Even with vendor ID 0 I doubt it'd work, as it's going to stick 0x00000000 in front of the string value... unless that "It does not conform" option allows you to specify a raw value for attribute 26.
Supermicro have used a non-standard, non-rfc-compliant encoding scheme for their authorization attribute.
If you look at the format of Vendor-Specific
0 1 2 3
0 1 2 3 4 5 6 7 8 9 0 1 2 3 4 5 6 7 8 9 0 1 2 3 4 5 6 7 8 9 0 1
+-+-+-+-+-+-+-+-+-+-+-+-+-+-+-+-+-+-+-+-+-+-+-+-+-+-+-+-+-+-+-+-+
| Type | Length | Vendor-Id
+-+-+-+-+-+-+-+-+-+-+-+-+-+-+-+-+-+-+-+-+-+-+-+-+-+-+-+-+-+-+-+-+
Vendor-Id (cont) | String...
+-+-+-+-+-+-+-+-+-+-+-+-+-+-+-+-+-+-+-+-+-+-+-+-+-
There's meant to be a 32bit PEN at the start of the attribute. But they've just inserted a string value there.

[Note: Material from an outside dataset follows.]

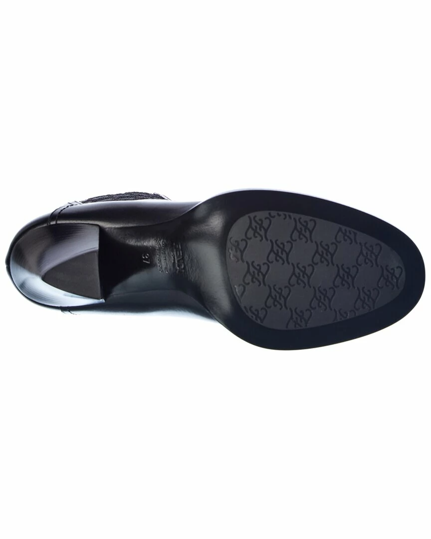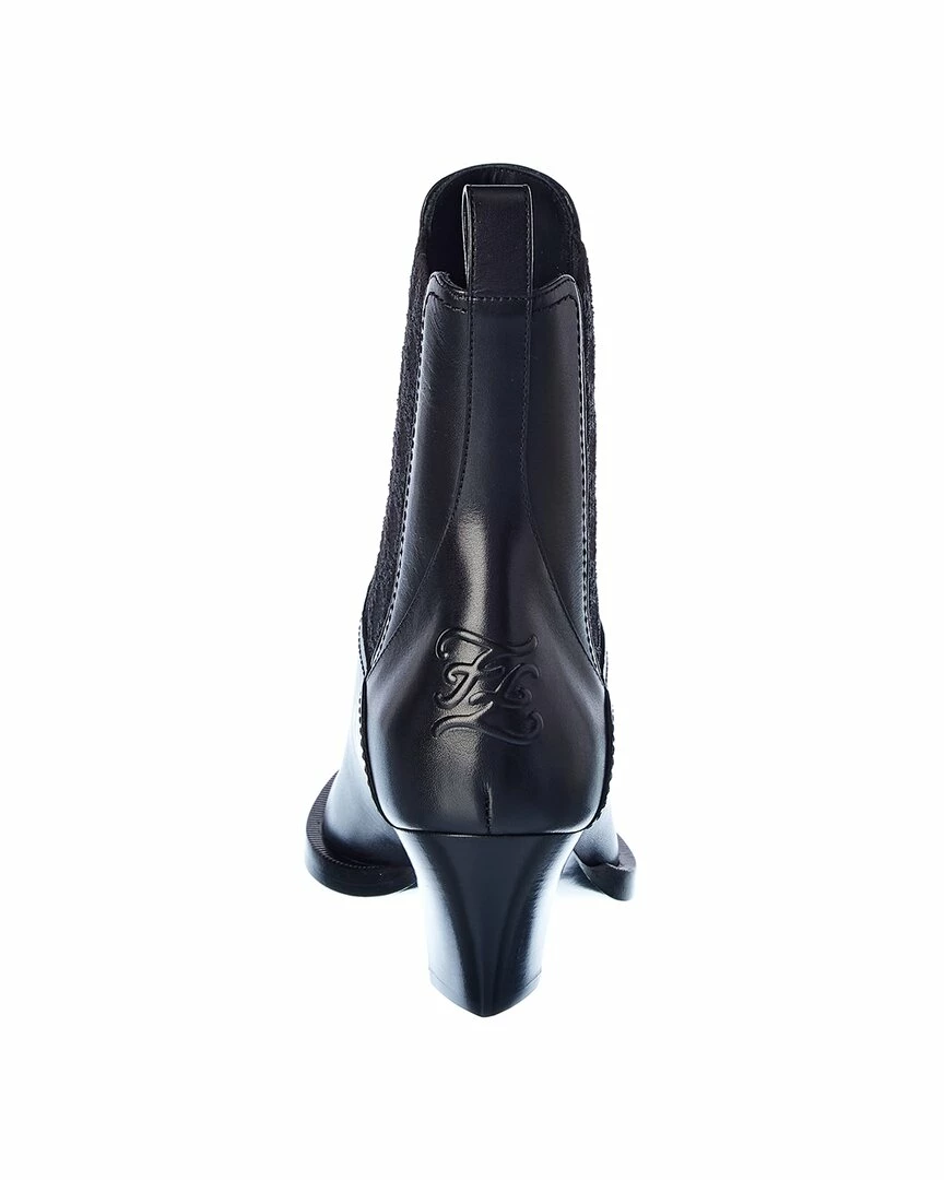- FF Karligraphy Leather Boot in black leather with jacquard knit

The only way you could get this working (If the "It does not conform" option doesn't help) would to be use another RADIUS server as a gateway, translating an RFC attribute like Service-Type to the malformed Supermicro attribute.
FreeRADIUS and radiator could likely be configured to do this.
FreeRADIUS >= 3.0.0 has explicit provisions for dealing with malformed attributes. They get marked up as unknown octet types when received from an external server, so they can be passed through when proxying.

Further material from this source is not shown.